## WHAT YOU WILL DO
Copy out all the lines in the records that include the word "تصویر".

## EXERCISE DATA
=== Begin Enclosure ===

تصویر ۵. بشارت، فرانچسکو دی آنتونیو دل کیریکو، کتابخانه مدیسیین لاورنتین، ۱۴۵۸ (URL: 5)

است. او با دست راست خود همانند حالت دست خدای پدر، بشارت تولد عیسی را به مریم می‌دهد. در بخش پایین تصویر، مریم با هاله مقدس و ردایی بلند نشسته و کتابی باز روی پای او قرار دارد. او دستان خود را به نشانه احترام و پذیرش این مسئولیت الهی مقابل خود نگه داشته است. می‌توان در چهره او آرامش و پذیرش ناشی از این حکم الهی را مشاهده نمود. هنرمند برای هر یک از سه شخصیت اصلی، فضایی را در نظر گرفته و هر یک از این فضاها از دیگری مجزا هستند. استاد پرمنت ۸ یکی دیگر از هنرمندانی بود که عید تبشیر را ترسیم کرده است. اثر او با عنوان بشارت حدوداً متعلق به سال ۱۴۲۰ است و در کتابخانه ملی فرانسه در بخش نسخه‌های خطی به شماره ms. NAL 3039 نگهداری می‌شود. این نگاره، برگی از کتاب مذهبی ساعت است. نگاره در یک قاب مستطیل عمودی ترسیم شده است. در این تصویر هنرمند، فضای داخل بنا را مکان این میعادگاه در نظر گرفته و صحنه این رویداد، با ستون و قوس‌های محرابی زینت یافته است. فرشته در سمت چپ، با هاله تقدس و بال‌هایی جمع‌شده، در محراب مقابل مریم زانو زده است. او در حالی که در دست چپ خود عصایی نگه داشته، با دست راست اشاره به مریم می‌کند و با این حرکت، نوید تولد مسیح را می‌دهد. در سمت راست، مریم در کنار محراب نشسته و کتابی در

=== End Enclosure ===
=== Begin Enclosure ===

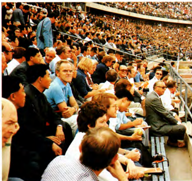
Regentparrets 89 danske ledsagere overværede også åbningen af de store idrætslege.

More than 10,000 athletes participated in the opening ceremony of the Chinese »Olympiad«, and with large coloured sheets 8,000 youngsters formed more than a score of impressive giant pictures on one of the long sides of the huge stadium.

=== End Enclosure ===

## WORKED SOLUTION
تصویر ۵. بشارت، فرانچسکو دی آنتونیو دل کیریکو، کتابخانه مدیسیین لاورنتین، ۱۴۵۸ (URL: 5)
است. او با دست راست خود همانند حالت دست خدای پدر، بشارت تولد عیسی را به مریم می‌دهد. در بخش پایین تصویر، مریم با هاله مقدس و ردایی بلند نشسته و کتابی باز روی پای او قرار دارد. او دستان خود را به نشانه احترام و پذیرش این مسئولیت الهی مقابل خود نگه داشته است. می‌توان در چهره او آرامش و پذیرش ناشی از این حکم الهی را مشاهده نمود. هنرمند برای هر یک از سه شخصیت اصلی، فضایی را در نظر گرفته و هر یک از این فضاها از دیگری مجزا هستند. استاد پرمنت ۸ یکی دیگر از هنرمندانی بود که عید تبشیر را ترسیم کرده است. اثر او با عنوان بشارت حدوداً متعلق به سال ۱۴۲۰ است و در کتابخانه ملی فرانسه در بخش نسخه‌های خطی به شماره ms. NAL 3039 نگهداری می‌شود. این نگاره، برگی از کتاب مذهبی ساعت است. نگاره در یک قاب مستطیل عمودی ترسیم شده است. در این تصویر هنرمند، فضای داخل بنا را مکان این میعادگاه در نظر گرفته و صحنه این رویداد، با ستون و قوس‌های محرابی زینت یافته است. فرشته در سمت چپ، با هاله تقدس و بال‌هایی جمع‌شده، در محراب مقابل مریم زانو زده است. او در حالی که در دست چپ خود عصایی نگه داشته، با دست راست اشاره به مریم می‌کند و با این حرکت، نوید تولد مسیح را می‌دهد. در سمت راست، مریم در کنار محراب نشسته و کتابی در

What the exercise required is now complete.